L'Église reconnaît aussi d'autres fêtes mobiles qui ont la Croix de la Crucifixion de Jésus comme thème de commémoration, ainsi l'Adoration de la Croix le Vendredi Saint et, pour les orthodoxes, le troisième dimanche du Grand Carême pour la Vénération de la Croix. Une grande croix est portée en procession le Jeudi Saint chez les chrétiens orientaux.

Nersès Ier le Grand ou Nersès Ier Medz ou saint Nersès est Catholicos d’Arménie de 353 à 373. Il est l'arrière-arrière-petit-fils de Grégoire Ier l’Illuminateur. Nersès est considéré comme un saint dès sa mort ; son tombeau, situé près d’Erzurum, est un lieu de pèlerinage jusqu'aux invasions arabes du VIIe siècle.

Tornores logi : expression latine qui signifie « polisseurs de mots ».

 

Lumen orationis : expression latine qui signifie « éclat de la parole » ou « lumière du discours. La fin d'une période (longue phrase latine) se terminait souvent par un soudain éclat rhétorique qu’on appelait « lumière du discours ».

 

Claritas sanguinis : expression latine qui signifie « éclat du sang ». Elle signifie une naissance illustre, l’appartenance à une grande famille romaine.

Generis nobilitas : expression latine qui signifie la « noblesse d’une ancienne et illustre famille ».

 

Saint Grégoire l’Illuminateur ou Grégoire Ier l'Illuminateur (né vers 257- mort en 331) est le saint qui a évangélisé l'Arménie et qui en a été le premier catholicos.

 

Tiridate IV devient, en 298, roi d'Arménie. Le souverain désire restaurer les fêtes de la déesse Anahit (Tiridate est païen). Grégoire, qui est chrétien, exprime son mécontentement et n'accepte pas d'y participer. Le roi décide de le jeter dans une fosse à Khor Virap, qui sera appelé « Prison de saint Grégoire », où il reste emprisonné durant treize années. Puis Tiridate tombe malade et décide de le libérer pour qu'il vienne le soigner. Grégoire le guérit miraculeusement et devient officiellement Catholicos d’Arménie. le premier de l'histoire, faisant du royaume, le plus ancien pays chrétien au monde. Il se fait ordonner évêque de Césarée de Cappadoce, d'où il ramène les reliques de saint Jean-Baptiste et du martyr Athanagène.

L’Eglise d’Arménie existait, certes, plus ou moins superficiellement et de manière presque légendaire[ ]avant Grégoire l'Illuminateur, mais il en est le réel créateur. C’est lui qui fonde les évêchés du pays.
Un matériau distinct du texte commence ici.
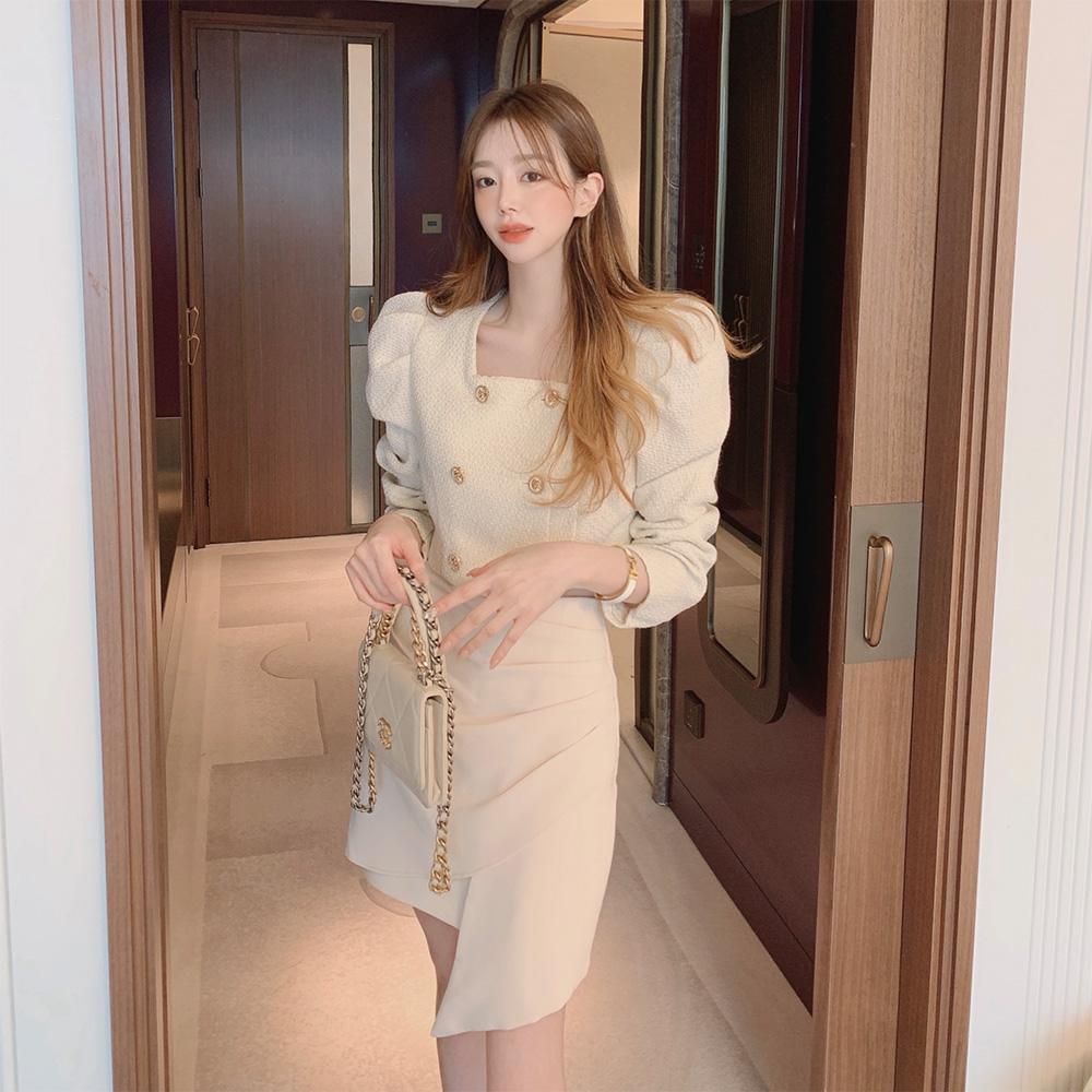 [델리썸] 시어 트위드 퍼프소매 골드버튼 크롭 숏 자켓 2COL

Grégoire meurt vers 331. Ses descendants directs, dont ses deux fils, forment une dynastie, les Grégorides, laquelle contrôle ensuite le catholicosat arménien pendant une centaine d'années et s'oppose parfois à la famille royale arsacide.
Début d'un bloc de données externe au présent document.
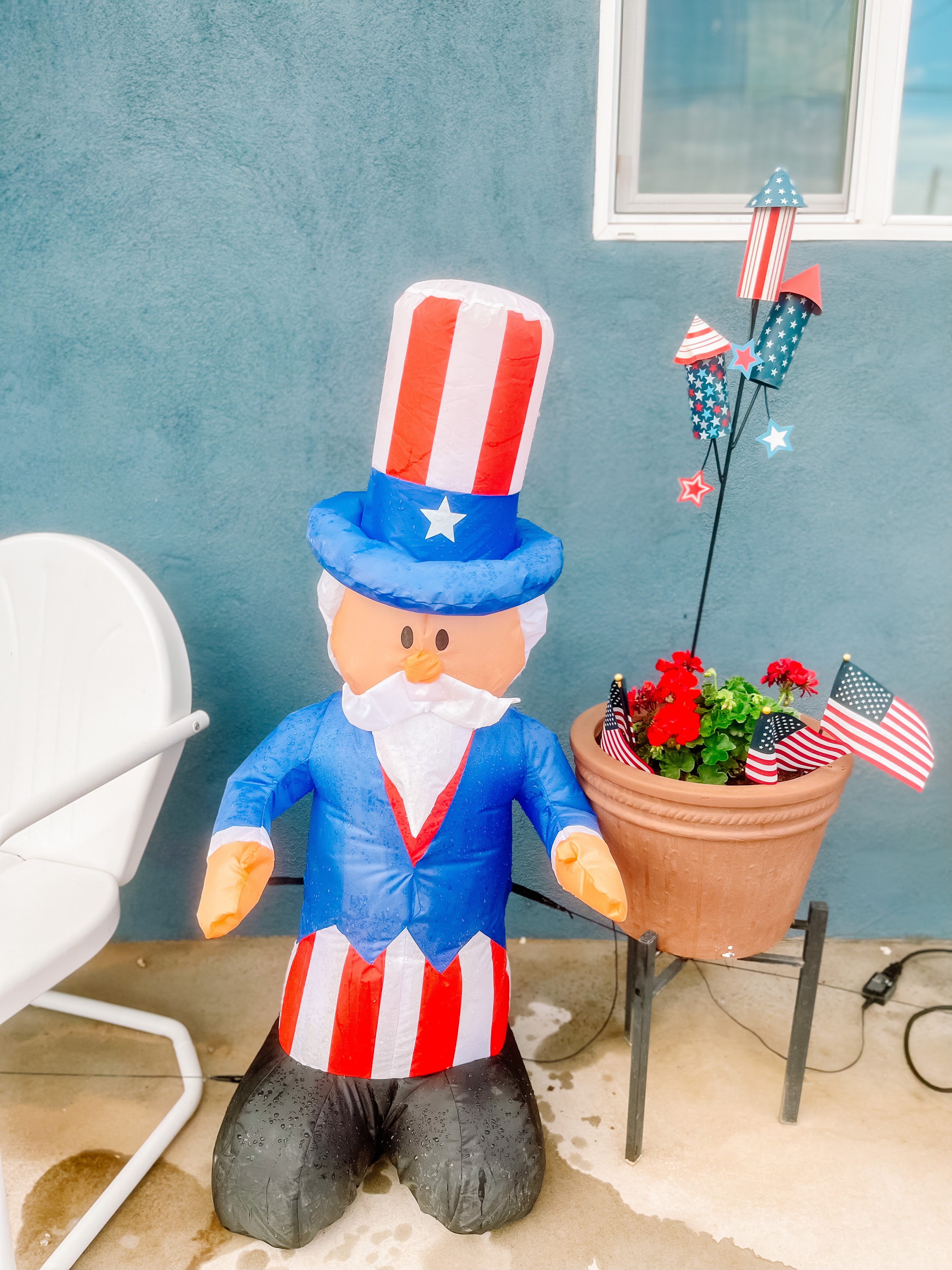 I’m also not the biggest fan of inflatable yard decor. But Walmart had this little Uncle Sam for fifteen bucks. Sold!

L'Église apostolique arménienne, indépendante, est également surnommée grégorienne. Le 30 septembre, on célèbre la Saint-Grégoire. C’est la fête la plus importante en Arménie.

Aristakès,Vertanès, Houssik,

Grigoris et l’immortelle clarté du pays,

Le catholicos Nersès : catholicos issus de la famille de saint Grégoire l’Illuminateur.

 

Mansuète (adj.) : du latin mansuetus, « doux », « bienveillant », lui-même de mansuetudo, mansuetudinis, « douceur », « indulgence », « bienveillance ».

Catholicos : le titre de catholicos est un titre équivalent à celui de patriarche  porté par des dignitaires de plusieurs Eglise orthodoxe orientales, notamment les Eglises de tradition nestorienne et les Eglises monophysites, en particulier l’Eglise apostolique arménienne. Le mot lui-même vient du grec καθολικός, signifiant « universel ».

 

Relicto aurium iudicio : expression qu’on trouve dans l’ouvrage de Boèce De la Musique et qui signifie « abandonner le jugement de l’oreille ». Boèce (Anicius Manlius Torquatus Severinus) : philosophe et homme politique latin, né vers 470 à Rome, mis à mort en 525 à Pavie par Théodoric le Grand. Il a commenté Aristote, publié des traités de mathématique, logique, théologie, musique. Il a notamment contribué à organiser les disciplines scientifiques comme Trivium Quadrivium. Trivium ; « art de la parole » qui se compose de la grammaire, de la rhétorique et de la logique. Quadrivium : désigne l'ensemble des quatre sciences mathématiques dans la théorie antique : arithmétique, musique, géométrie, astronomie.